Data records
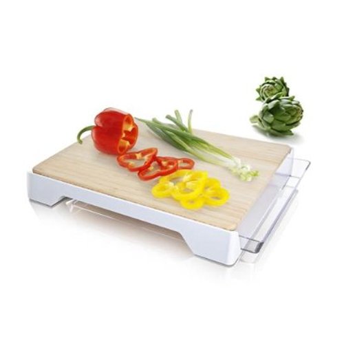 Tomorrow's Kitchen Bamboo Cutting Board with White Tray, 12 by 15-Inch is best for youGenerously sized and well-thought-out, the Vacu Vin Cutting Board features a built-in tray to allow you to quickly and easily separate food from waste. Bamboo, which has natural antibacterial properties is perfect for kitchen settings where food is prepared. Bamboo absorbs little moisture and helps protect delicate knife blades. The cutting board features a convenient tray which slides open to reveal an ideal place to put peels and waste, leaving more room for chopping, mincing and slicing. The non-skid rubber feet ensures the board remains in place while in use. For over 25 years, Vacu Vin has manufactured and distributed patented, innovative kitchen, barware and housewares products. With a focus of bringing quality, functional and fun products to consumers at reasonable prices, Vacu Vin products have been awarded over 20 International Design and Trade Awards and are sold in over 80 countries. Vacu Vin believes innovative ideas set tomorrow's standards and it is with this philosophy that Vacu Vin will continue to bring unique, quality products to your home for years to come.
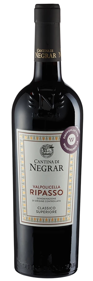 Als Valpolicella Ripasso Classico Superiore erfüllt dieser Rotwein der Cantina Negrar die höchsten Qualitätsanforderungen für diese Weingattung. Um als „Superiore“ klassifiziert zu werden, müssen strenge Vorgaben zur Qualität des Leseguts und in Bezug auf den Ausbau des Weines eingehalten werden. „Classico“ wiederum weist auf eine örtlich genau begrenzte Herkunft innerhalb des DOC-Gebiets hin, die ebenfalls für eine besonders hohe Qualität steht.
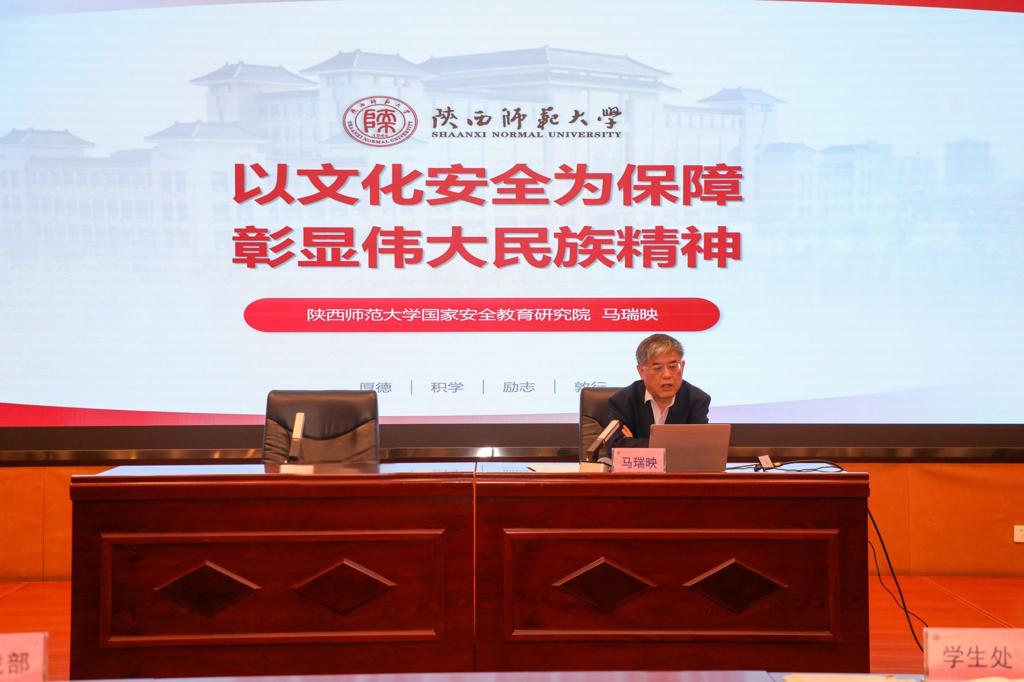 4月14日上午,西安市2025年“国家安全大讲堂”送学活动走进我校,西安市国家安全智库专家、陕西师范大学国家安全教育研究院院长马瑞映教授为师生做专题辅导报告。
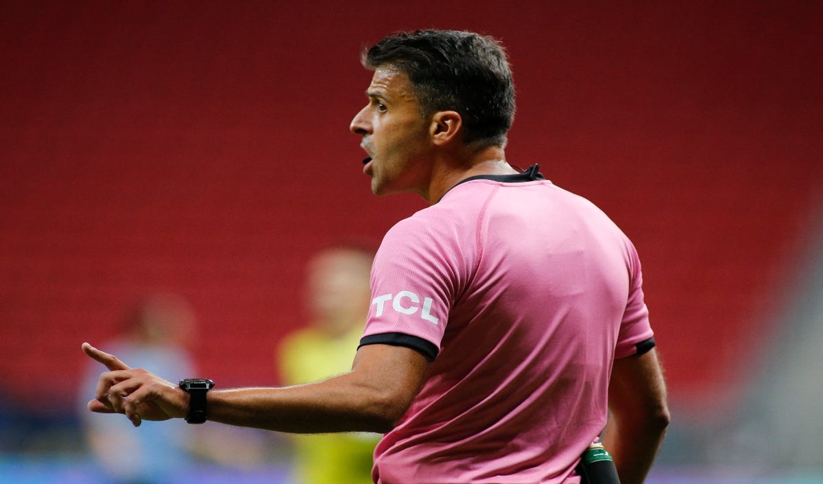 El español Jesús Gil Manzano ha tenido que detener el partido por interferir en dos jugadas.
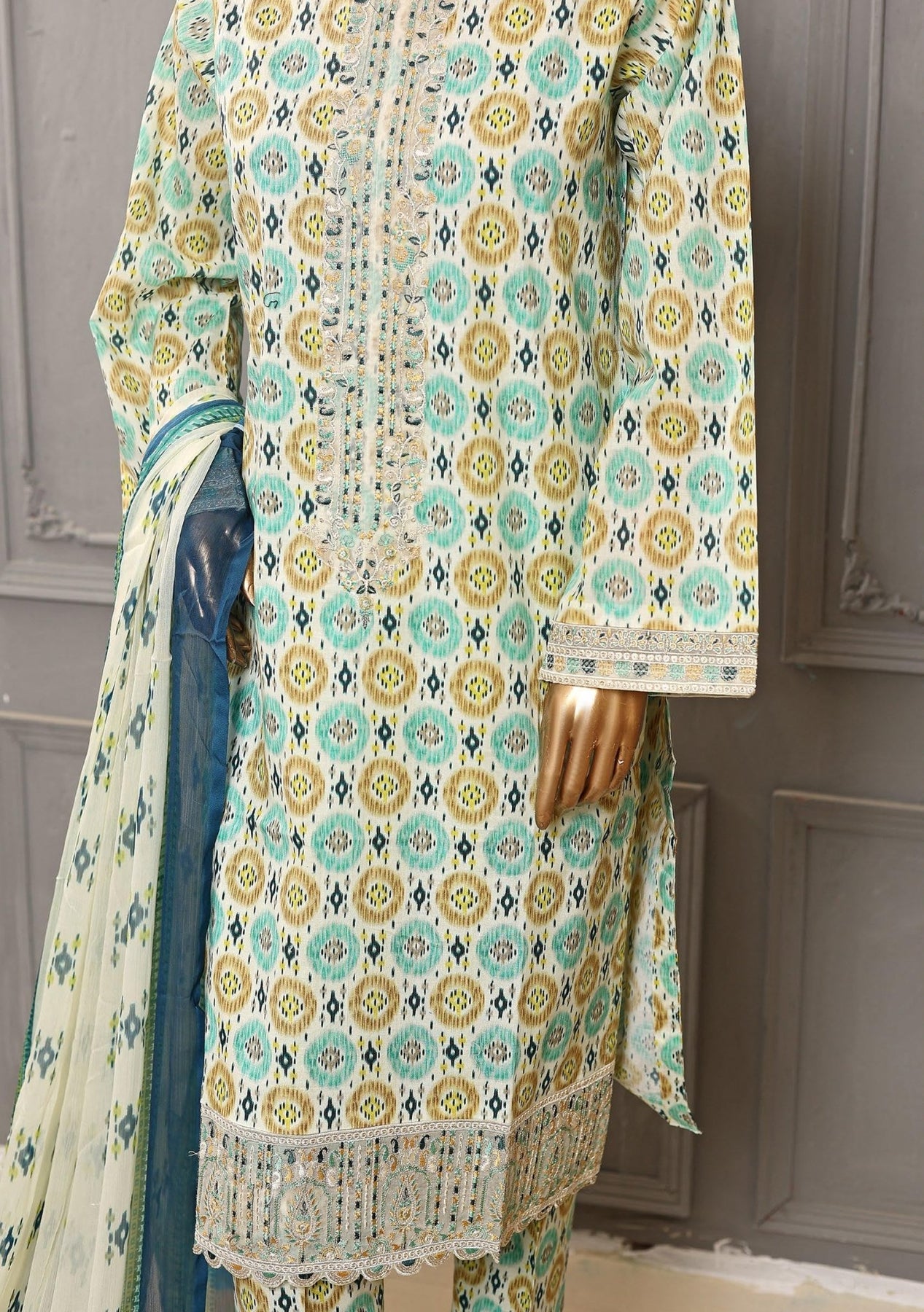 Includes: Ready-Made Kameez, Trouser, Dupatta.
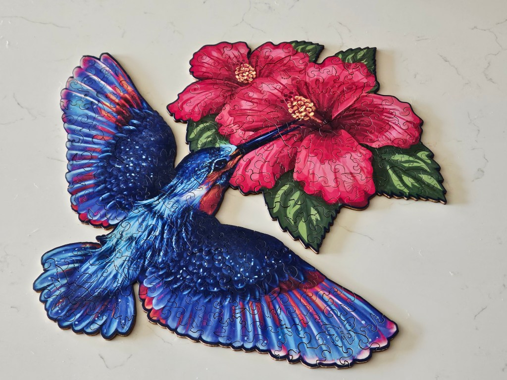 Premium Wooden Puzzles – Available on Amazon, you can see the colors are more vibrant than the prior. The pieces are considerably smaller and you see the unique shapes. Most vendors do this, adding up to 25 custom cuts that typically fit the theme of the puzzle. In this case a lot of bird shapes. It’s a nice touch and fun to find all the pieces to see what’s included. Pro tip: some vendors will put lines on the back of the pieces to help you determine they are intended to be something. This helps when you occasionally get a shape that you think is something, but aren’t quite sure!
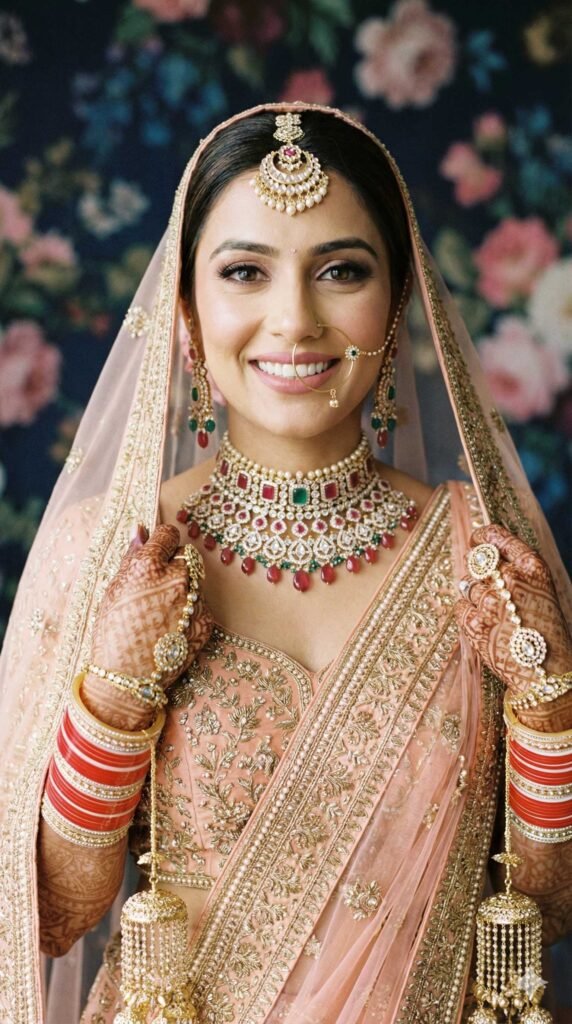 A close-up portrait of a beautiful Indian bride, smiling radiantly and looking directly at the camera. She is adorned in an exquisite light pink or peach bridal lehenga choli with intricate embroidery and delicate beadwork. Her head is gracefully covered with a sheer, embellished dupatta. She wears elaborate bridal jewelry, including a sparkling maang tikka on her forehead, a heavy choker necklace with red and white stones, large dangling earrings, and a traditional nose ring (nath) with a decorative chain. Her hands are decorated with rich henna (mehndi) designs, and she wears a stack of traditional red and white bangles (chura) on her wrists, along with ornate finger rings and a kalire (hanging ornament) attached to one bangle. Her makeup is elegant, featuring defined eyes and soft lip color. The background is a softly blurred, rich floral pattern in dark blue, pink, and green hues, providing a vibrant yet complementary backdrop. The lighting is soft and flattering, emphasizing her joyful expression and the intricate details of her bridal attire and jewelry.
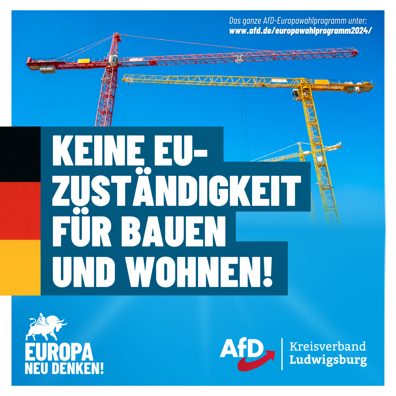 Die AfD kämpft gegen die Bestrebungen der EU, ab 2030 nur noch den Bau von sogenannten klimaneutralen Wohnhäusern zu erlauben. Ebenso weisen wir das unrealistische Ziel zurück, den kompletten Gebäudebestand in der EU mittelfristig emissionsfrei umzugestalten. Die EU will Ausnahmen nur noch für historische Gebäude, Kirchen und Verteidigungsanlagen zulassen. Diese EU-Agenda missachtet den Wunsch der Bürger nach bedarfsgerechtem und kostengünstigem Wohnraum.
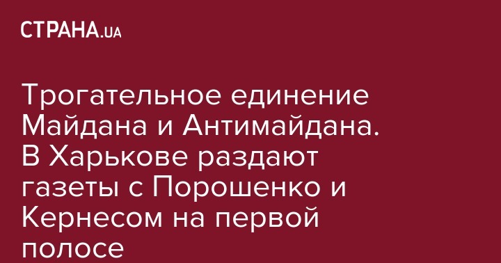 Трогательное единение Майдана и Антимайдана. В Харькове раздают газеты с Порошенко и Кернесом на первой полосе
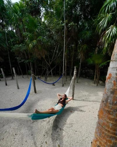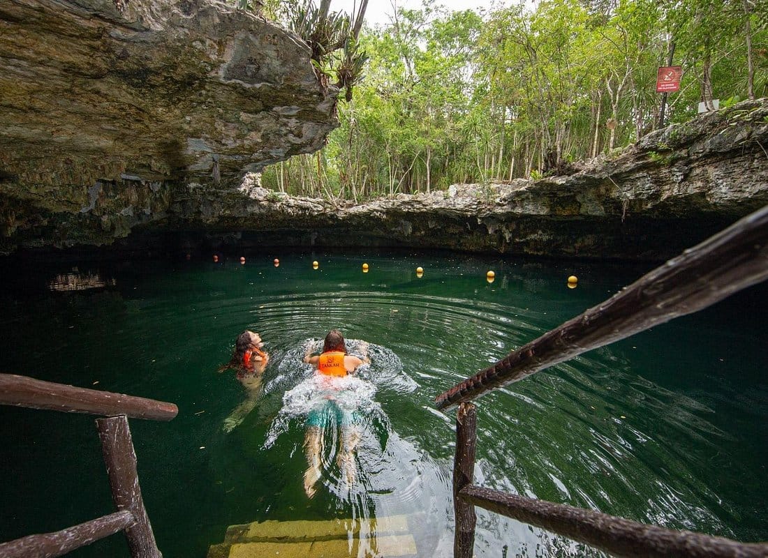 Immerse yourself in the tranquil waters of the cenotes, their beauty and clarity embracing you as you swim.
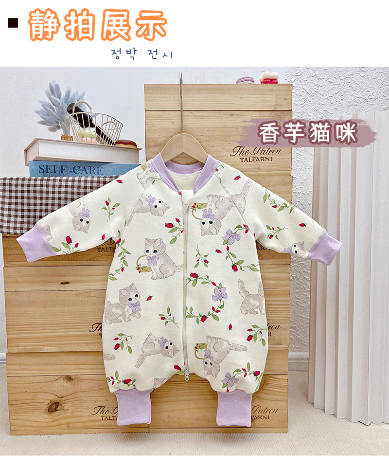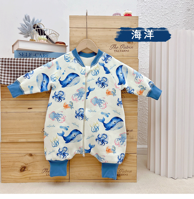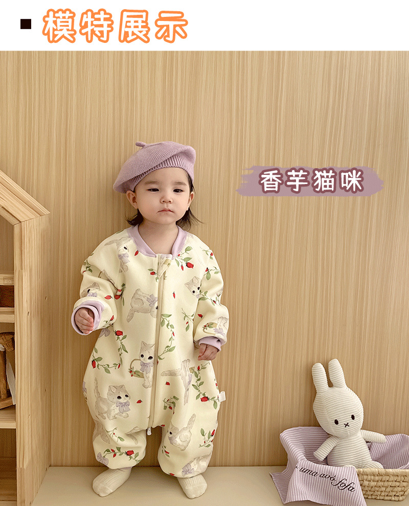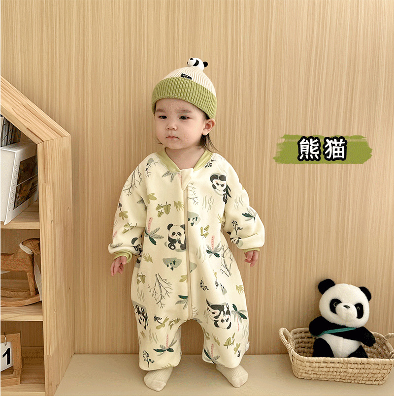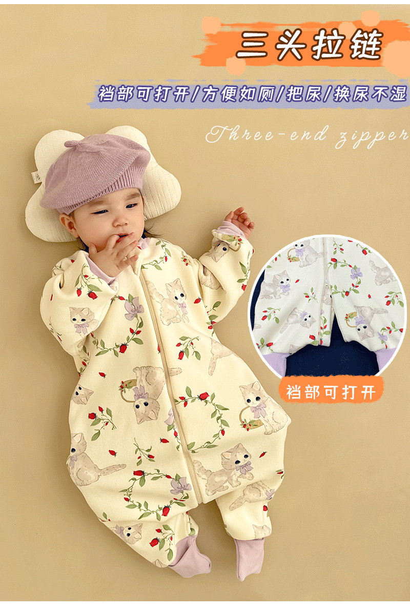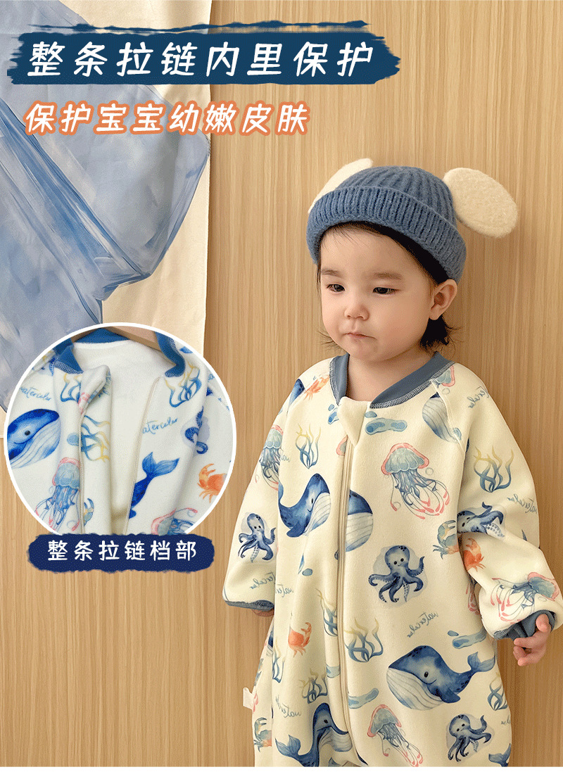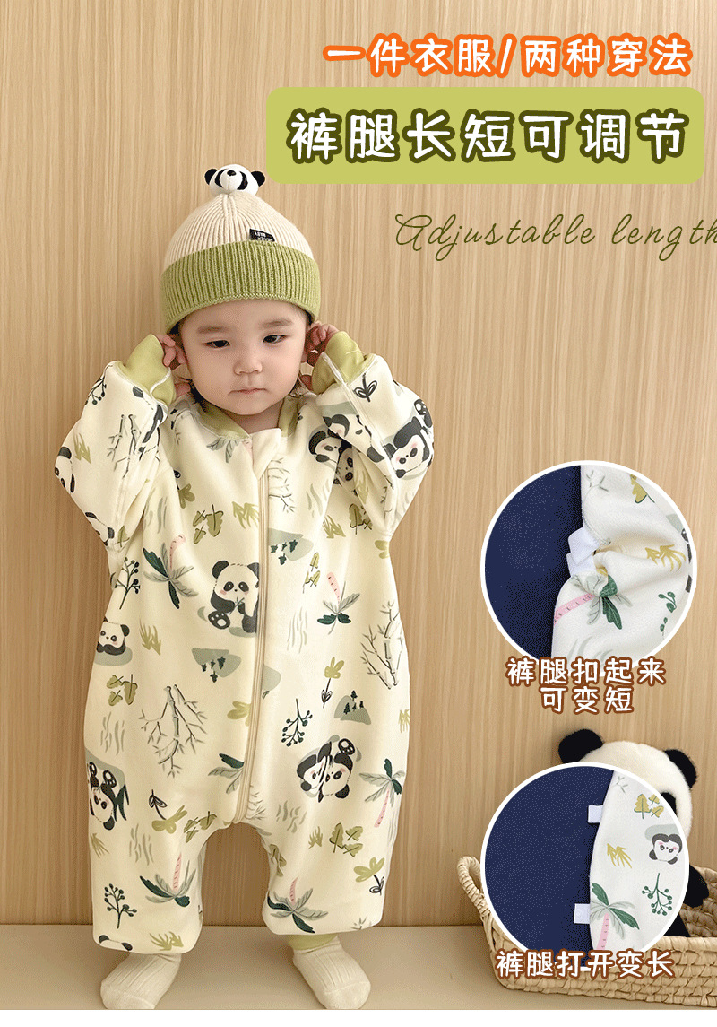 【一件可以过冬喔!高密加绒更保暖】婴儿加厚奥粒绒无骨睡袋,儿童加绒秋冬连体睡衣 宝宝分腿大童防踢被,可调节裤腿,铛部方便
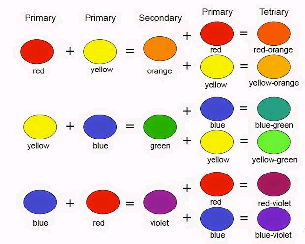 This colours are said to be basic colours and are very original, meaning they were not derived by mixing two or more colours together. Example of these colours are RED, BLUE and YELLOW
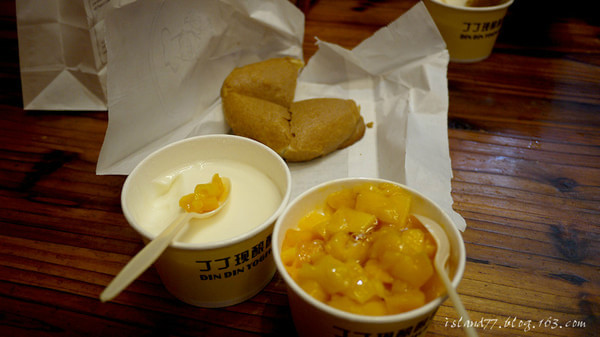 晚上老人带孩子睡觉了,我和老公出来逛,吃了点小吃,不过感觉都很普通,然后经过这家很多人推荐的丁丁酸奶就进去吃了,我吃了芒果口味的,还有2个现烤面包,结果就是因为这一吃。。。半夜我突然醒来上吐下泻,感觉整个胃里的酸水都被吐出来了,当然我也不肯定是不是因为这个酸奶,因为当时老公也吃了,他没事,但我就是连吐了一个晚上,第二天还发烧了。。。
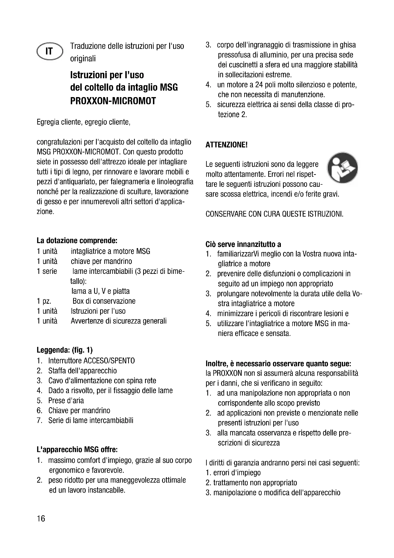 Date : 20.12.2017 Dipl.-Ing. Jörg Wagner PROXXON S.A. Division sécurité des appareils Le responsable de la documentation CE est iden- tique au signataire. 15Traduzione delle istruzioni per l'uso originali Istruzioni per l’uso del coltello da intaglio MSG PROXXON-MICROMOT Egregia cliente, egregio cliente, congratulazioni per l'acquisto del coltello da intaglio MSG PROXXON-MICROMOT. Con questo prodotto siete in possesso dell'attrezzo ideale per intagliare tutti i tipi di legno, per rinnovare e lavorare mobili e pezzi d'antiquariato, per falegnameria e linoleografia nonché per la realizzazione di sculture, lavorazione di gesso e per innumerevoli altri settori d'applica- zione. La dotazione comprende: 1 unità intagliatrice a motore MSG 1 unità chiave per mandrino 1 serie lame intercambiabili (3 pezzi di bime- tallo): lama a U, V e piatta 1 pz. Box di conservazione 1 unità Istruzioni per l'uso 1 unità Avvertenze di sicurezza generali Leggenda: (fig. 1)

TASK BRIEF - Output all of the entries verbatim, leaving out any images.

RESPONSE FOR THIS EXERCISE -
 Tomorrow's Kitchen Bamboo Cutting Board with White Tray, 12 by 15-Inch is best for youGenerously sized and well-thought-out, the Vacu Vin Cutting Board features a built-in tray to allow you to quickly and easily separate food from waste. Bamboo, which has natural antibacterial properties is perfect for kitchen settings where food is prepared. Bamboo absorbs little moisture and helps protect delicate knife blades. The cutting board features a convenient tray which slides open to reveal an ideal place to put peels and waste, leaving more room for chopping, mincing and slicing. The non-skid rubber feet ensures the board remains in place while in use. For over 25 years, Vacu Vin has manufactured and distributed patented, innovative kitchen, barware and housewares products. With a focus of bringing quality, functional and fun products to consumers at reasonable prices, Vacu Vin products have been awarded over 20 International Design and Trade Awards and are sold in over 80 countries. Vacu Vin believes innovative ideas set tomorrow's standards and it is with this philosophy that Vacu Vin will continue to bring unique, quality products to your home for years to come.
 Als Valpolicella Ripasso Classico Superiore erfüllt dieser Rotwein der Cantina Negrar die höchsten Qualitätsanforderungen für diese Weingattung. Um als „Superiore“ klassifiziert zu werden, müssen strenge Vorgaben zur Qualität des Leseguts und in Bezug auf den Ausbau des Weines eingehalten werden. „Classico“ wiederum weist auf eine örtlich genau begrenzte Herkunft innerhalb des DOC-Gebiets hin, die ebenfalls für eine besonders hohe Qualität steht.
 4月14日上午,西安市2025年“国家安全大讲堂”送学活动走进我校,西安市国家安全智库专家、陕西师范大学国家安全教育研究院院长马瑞映教授为师生做专题辅导报告。
 El español Jesús Gil Manzano ha tenido que detener el partido por interferir en dos jugadas.
 Includes: Ready-Made Kameez, Trouser, Dupatta.
 Premium Wooden Puzzles – Available on Amazon, you can see the colors are more vibrant than the prior. The pieces are considerably smaller and you see the unique shapes. Most vendors do this, adding up to 25 custom cuts that typically fit the theme of the puzzle. In this case a lot of bird shapes. It’s a nice touch and fun to find all the pieces to see what’s included. Pro tip: some vendors will put lines on the back of the pieces to help you determine they are intended to be something. This helps when you occasionally get a shape that you think is something, but aren’t quite sure!
 A close-up portrait of a beautiful Indian bride, smiling radiantly and looking directly at the camera. She is adorned in an exquisite light pink or peach bridal lehenga choli with intricate embroidery and delicate beadwork. Her head is gracefully covered with a sheer, embellished dupatta. She wears elaborate bridal jewelry, including a sparkling maang tikka on her forehead, a heavy choker necklace with red and white stones, large dangling earrings, and a traditional nose ring (nath) with a decorative chain. Her hands are decorated with rich henna (mehndi) designs, and she wears a stack of traditional red and white bangles (chura) on her wrists, along with ornate finger rings and a kalire (hanging ornament) attached to one bangle. Her makeup is elegant, featuring defined eyes and soft lip color. The background is a softly blurred, rich floral pattern in dark blue, pink, and green hues, providing a vibrant yet complementary backdrop. The lighting is soft and flattering, emphasizing her joyful expression and the intricate details of her bridal attire and jewelry.
 Die AfD kämpft gegen die Bestrebungen der EU, ab 2030 nur noch den Bau von sogenannten klimaneutralen Wohnhäusern zu erlauben. Ebenso weisen wir das unrealistische Ziel zurück, den kompletten Gebäudebestand in der EU mittelfristig emissionsfrei umzugestalten. Die EU will Ausnahmen nur noch für historische Gebäude, Kirchen und Verteidigungsanlagen zulassen. Diese EU-Agenda missachtet den Wunsch der Bürger nach bedarfsgerechtem und kostengünstigem Wohnraum.
 Трогательное единение Майдана и Антимайдана. В Харькове раздают газеты с Порошенко и Кернесом на первой полосе
 Immerse yourself in the tranquil waters of the cenotes, their beauty and clarity embracing you as you swim.
 【一件可以过冬喔!高密加绒更保暖】婴儿加厚奥粒绒无骨睡袋,儿童加绒秋冬连体睡衣 宝宝分腿大童防踢被,可调节裤腿,铛部方便
 This colours are said to be basic colours and are very original, meaning they were not derived by mixing two or more colours together. Example of these colours are RED, BLUE and YELLOW
 晚上老人带孩子睡觉了,我和老公出来逛,吃了点小吃,不过感觉都很普通,然后经过这家很多人推荐的丁丁酸奶就进去吃了,我吃了芒果口味的,还有2个现烤面包,结果就是因为这一吃。。。半夜我突然醒来上吐下泻,感觉整个胃里的酸水都被吐出来了,当然我也不肯定是不是因为这个酸奶,因为当时老公也吃了,他没事,但我就是连吐了一个晚上,第二天还发烧了。。。
 Date : 20.12.2017 Dipl.-Ing. Jörg Wagner PROXXON S.A. Division sécurité des appareils Le responsable de la documentation CE est iden- tique au signataire. 15Traduzione delle istruzioni per l'uso originali Istruzioni per l’uso del coltello da intaglio MSG PROXXON-MICROMOT Egregia cliente, egregio cliente, congratulazioni per l'acquisto del coltello da intaglio MSG PROXXON-MICROMOT. Con questo prodotto siete in possesso dell'attrezzo ideale per intagliare tutti i tipi di legno, per rinnovare e lavorare mobili e pezzi d'antiquariato, per falegnameria e linoleografia nonché per la realizzazione di sculture, lavorazione di gesso e per innumerevoli altri settori d'applica- zione. La dotazione comprende: 1 unità intagliatrice a motore MSG 1 unità chiave per mandrino 1 serie lame intercambiabili (3 pezzi di bime- tallo): lama a U, V e piatta 1 pz. Box di conservazione 1 unità Istruzioni per l'uso 1 unità Avvertenze di sicurezza generali Leggenda: (fig. 1)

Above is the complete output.